[WHAT YOU ARE ASKED TO DO] Could the data below please be reproduced word for word, without the pictures?

[PROVIDED MATERIAL]
★ ★ ★ ★

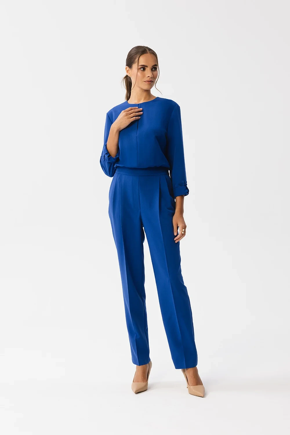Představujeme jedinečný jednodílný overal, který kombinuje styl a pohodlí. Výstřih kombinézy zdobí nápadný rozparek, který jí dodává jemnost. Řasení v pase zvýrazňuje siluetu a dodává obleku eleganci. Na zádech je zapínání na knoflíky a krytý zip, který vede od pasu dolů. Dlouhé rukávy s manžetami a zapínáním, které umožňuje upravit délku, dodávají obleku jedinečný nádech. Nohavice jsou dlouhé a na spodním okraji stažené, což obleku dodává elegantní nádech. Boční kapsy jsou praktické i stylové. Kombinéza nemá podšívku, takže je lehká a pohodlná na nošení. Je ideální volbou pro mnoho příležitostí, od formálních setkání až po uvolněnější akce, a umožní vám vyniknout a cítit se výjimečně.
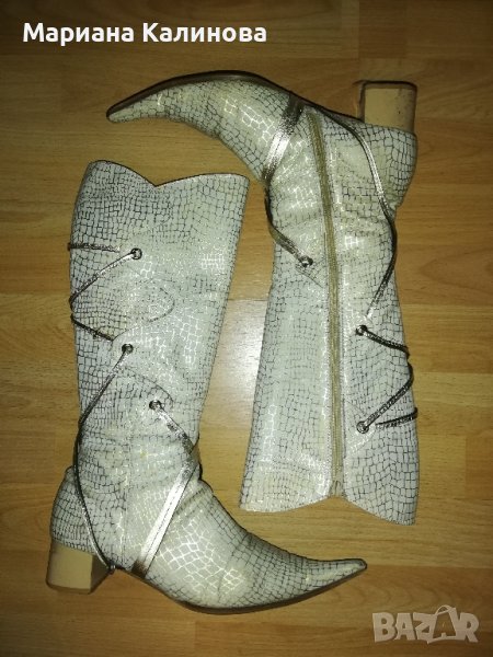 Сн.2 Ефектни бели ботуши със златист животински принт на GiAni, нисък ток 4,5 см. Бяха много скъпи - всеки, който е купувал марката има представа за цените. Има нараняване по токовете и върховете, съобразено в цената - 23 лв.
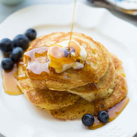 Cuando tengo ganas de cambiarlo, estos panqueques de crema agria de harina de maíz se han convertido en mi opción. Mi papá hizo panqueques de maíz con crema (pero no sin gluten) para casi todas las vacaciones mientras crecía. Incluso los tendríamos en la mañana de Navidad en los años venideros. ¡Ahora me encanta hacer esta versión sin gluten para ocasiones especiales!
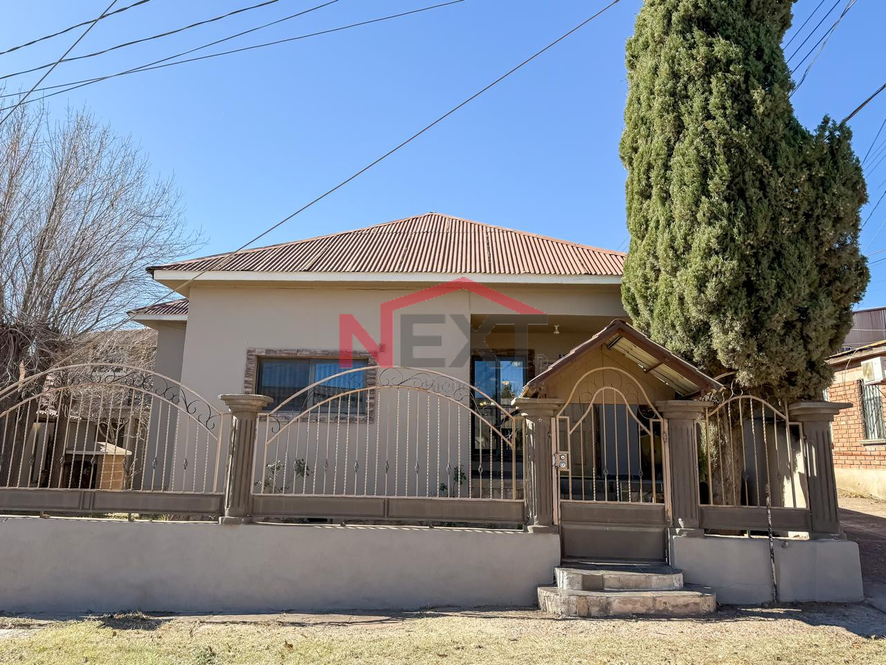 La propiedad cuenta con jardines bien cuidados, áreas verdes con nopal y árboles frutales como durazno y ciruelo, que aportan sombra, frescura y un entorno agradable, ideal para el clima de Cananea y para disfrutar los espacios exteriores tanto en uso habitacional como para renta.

★ ★ ★ ★

[RESPONSE AREA]
Představujeme jedinečný jednodílný overal, který kombinuje styl a pohodlí. Výstřih kombinézy zdobí nápadný rozparek, který jí dodává jemnost. Řasení v pase zvýrazňuje siluetu a dodává obleku eleganci. Na zádech je zapínání na knoflíky a krytý zip, který vede od pasu dolů. Dlouhé rukávy s manžetami a zapínáním, které umožňuje upravit délku, dodávají obleku jedinečný nádech. Nohavice jsou dlouhé a na spodním okraji stažené, což obleku dodává elegantní nádech. Boční kapsy jsou praktické i stylové. Kombinéza nemá podšívku, takže je lehká a pohodlná na nošení. Je ideální volbou pro mnoho příležitostí, od formálních setkání až po uvolněnější akce, a umožní vám vyniknout a cítit se výjimečně.
 Сн.2 Ефектни бели ботуши със златист животински принт на GiAni, нисък ток 4,5 см. Бяха много скъпи - всеки, който е купувал марката има представа за цените. Има нараняване по токовете и върховете, съобразено в цената - 23 лв.
 Cuando tengo ganas de cambiarlo, estos panqueques de crema agria de harina de maíz se han convertido en mi opción. Mi papá hizo panqueques de maíz con crema (pero no sin gluten) para casi todas las vacaciones mientras crecía. Incluso los tendríamos en la mañana de Navidad en los años venideros. ¡Ahora me encanta hacer esta versión sin gluten para ocasiones especiales!
 La propiedad cuenta con jardines bien cuidados, áreas verdes con nopal y árboles frutales como durazno y ciruelo, que aportan sombra, frescura y un entorno agradable, ideal para el clima de Cananea y para disfrutar los espacios exteriores tanto en uso habitacional como para renta.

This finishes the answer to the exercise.